*** DATA RECORDS ***

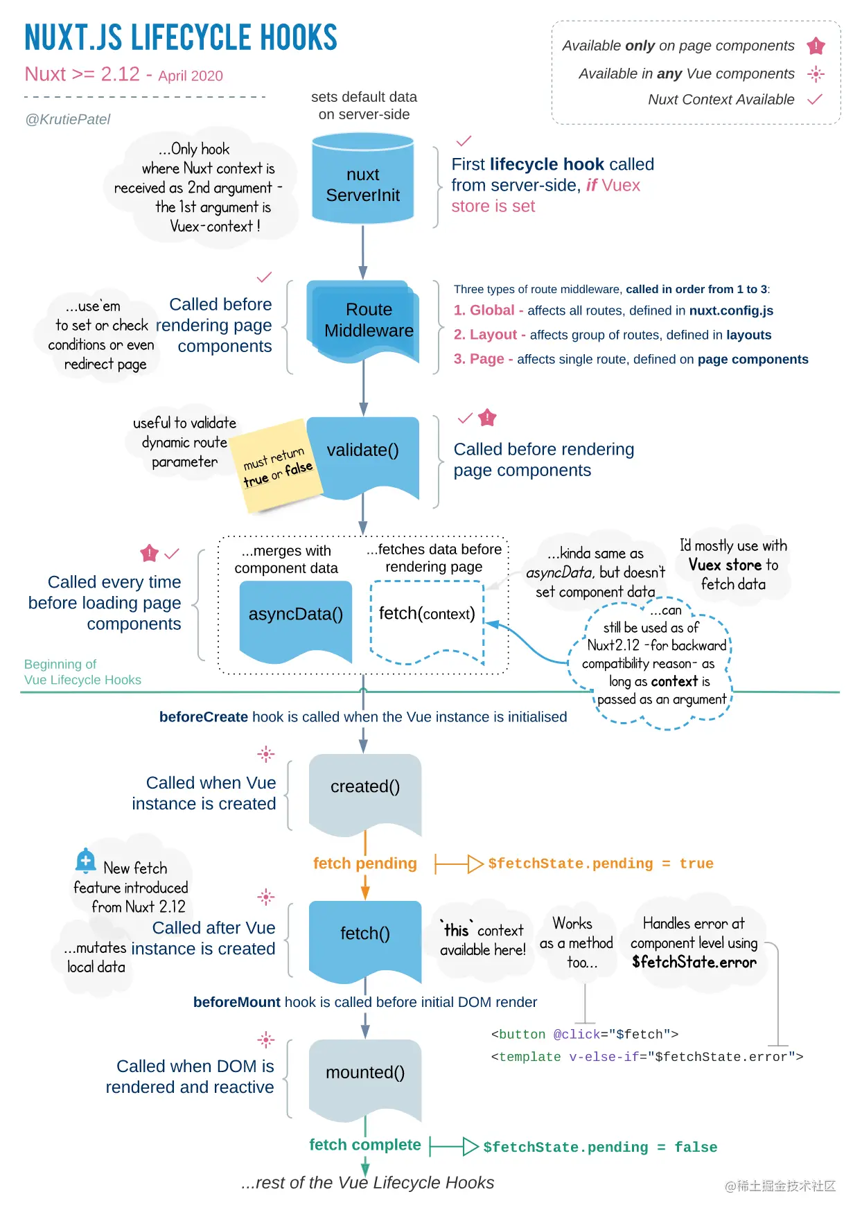通过上面的流程图可以看出,当一个客户端请求进入的时候,服务端有通过 nuxtServerInit 这个命令执行在 store 的 action 中,在这里接收到客户端请求的时候,可以将一些客户端信息存储到 store 中,比如项目中的用户信息。nuxtServerInit 钩子只有 store 目录下的 index.js 有效,其他模块文件是无法调用的。
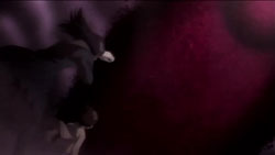 Shizuru panics and as she approaches the knocked-out Mizuki, she remembers her grandfather’s advice on how to remain unharmed by the mikoshi‘s presence. Instead of looking at the spirit from below, as one would to something superior, she glares down at the spirit as if it is subservient to her. This action proves effective, and the mikoshi shrinks in size and scatters away.
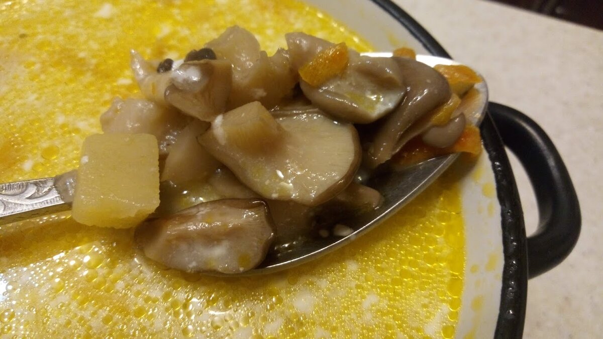 В кипящую воду добавляем грибы со сковороды, отвариваем в течении 30 минут, добавляем картофель. Варим минут 10-15 до готовности картофеля, добавляем поджарку лука с морковью и варим еще 5 минут.
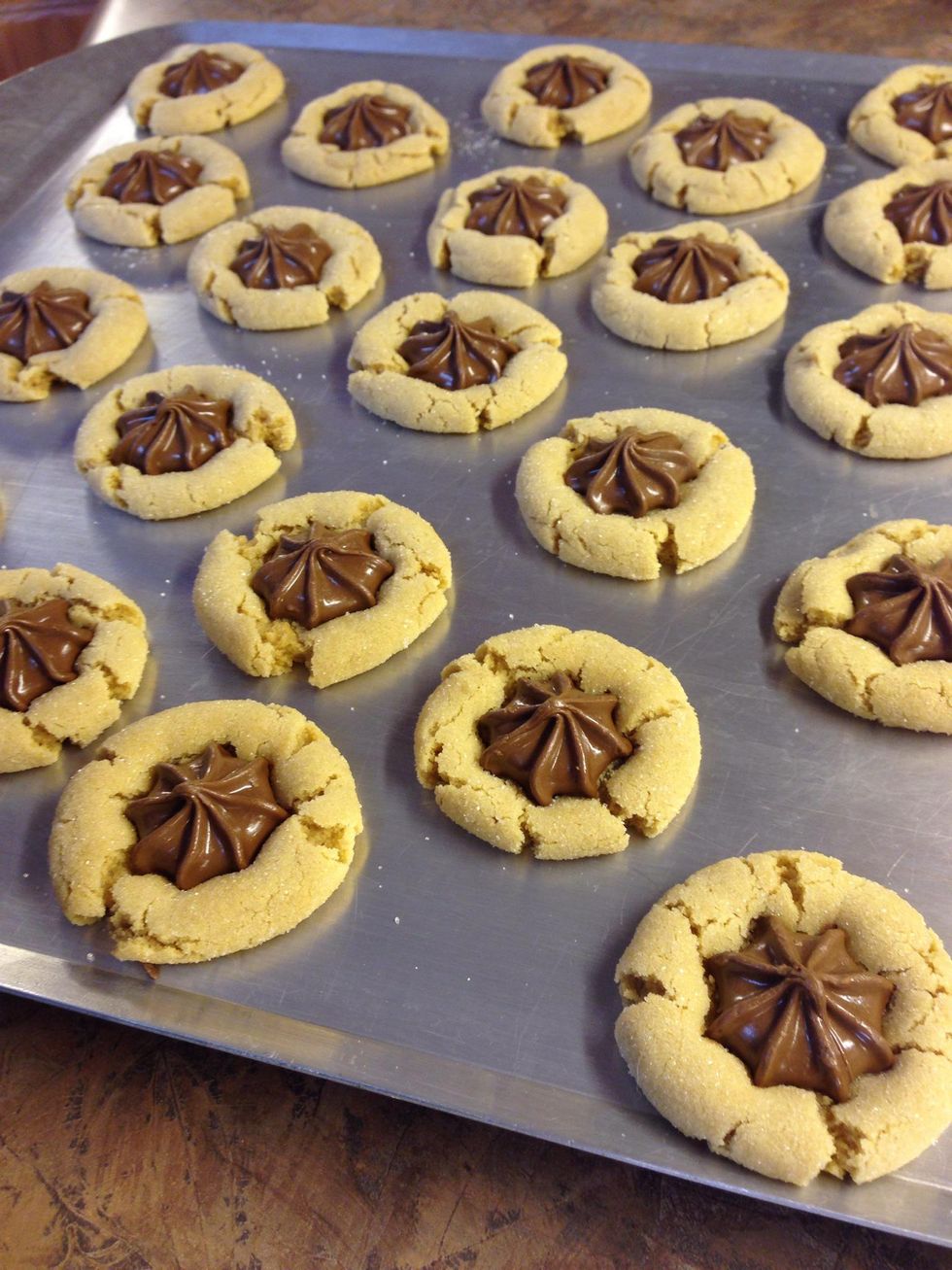 Crisp outside, soft inside.... Peanut butter and chocolate combination make these very popular cookies. They freeze well too.
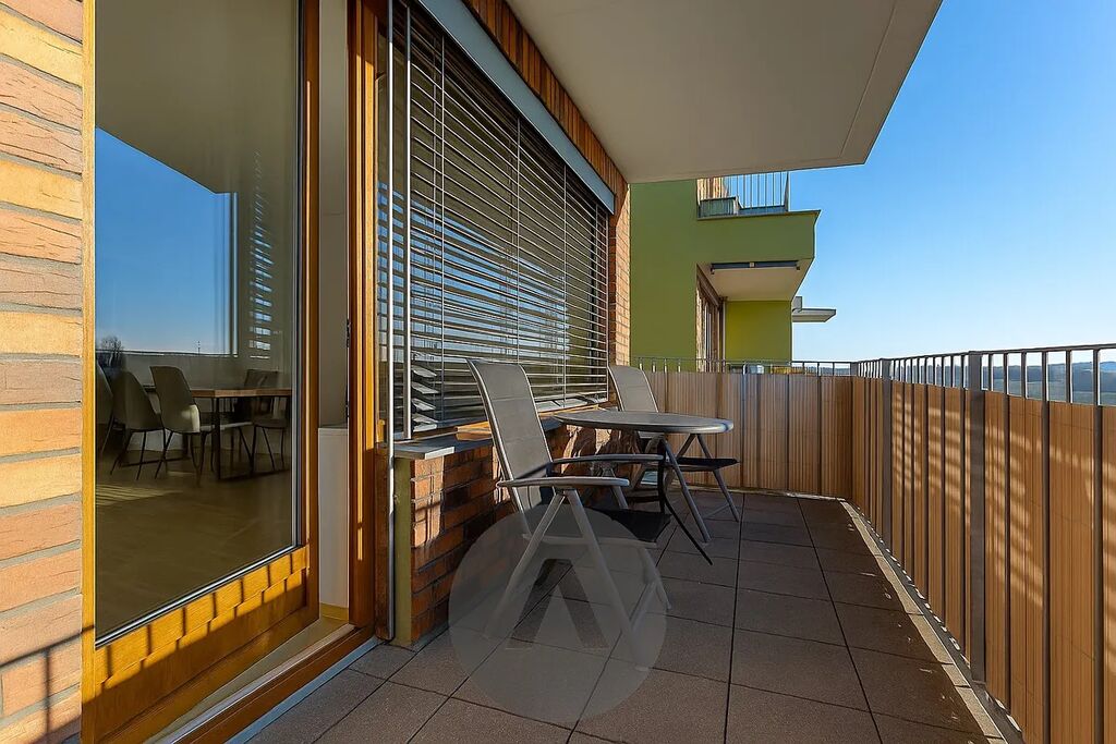 – přímý vstup na jižně orientovaný balkon, který díky své šířce působí jako menší terasa a je ideální pro posezení, kávu i relax
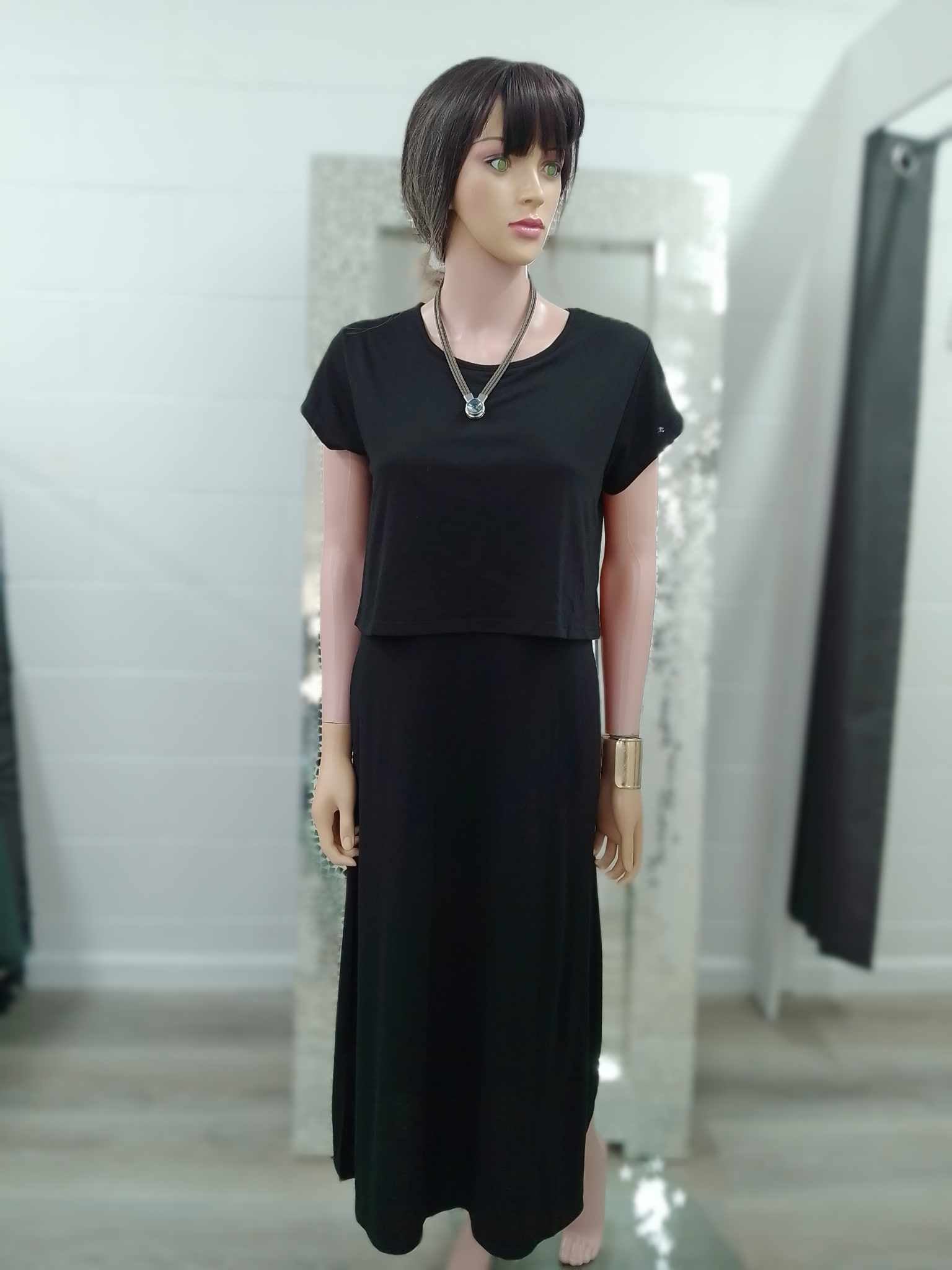 The Must Have Layer Dress in black features a simple yet flattering design. Pair with a white crew neck underneath or long sleeve body top for a modern look for the cooler months or as is for summer fun

*** End of DATA RECORDS ***

→ YOUR ASSIGNMENT
Repeat exactly the lines from the start of the entries down to the line with "Shizuru panics and", keeping both ends but none of the pictures.

→ RESPONSE
通过上面的流程图可以看出,当一个客户端请求进入的时候,服务端有通过 nuxtServerInit 这个命令执行在 store 的 action 中,在这里接收到客户端请求的时候,可以将一些客户端信息存储到 store 中,比如项目中的用户信息。nuxtServerInit 钩子只有 store 目录下的 index.js 有效,其他模块文件是无法调用的。
 Shizuru panics and as she approaches the knocked-out Mizuki, she remembers her grandfather’s advice on how to remain unharmed by the mikoshi‘s presence. Instead of looking at the spirit from below, as one would to something superior, she glares down at the spirit as if it is subservient to her. This action proves effective, and the mikoshi shrinks in size and scatters away.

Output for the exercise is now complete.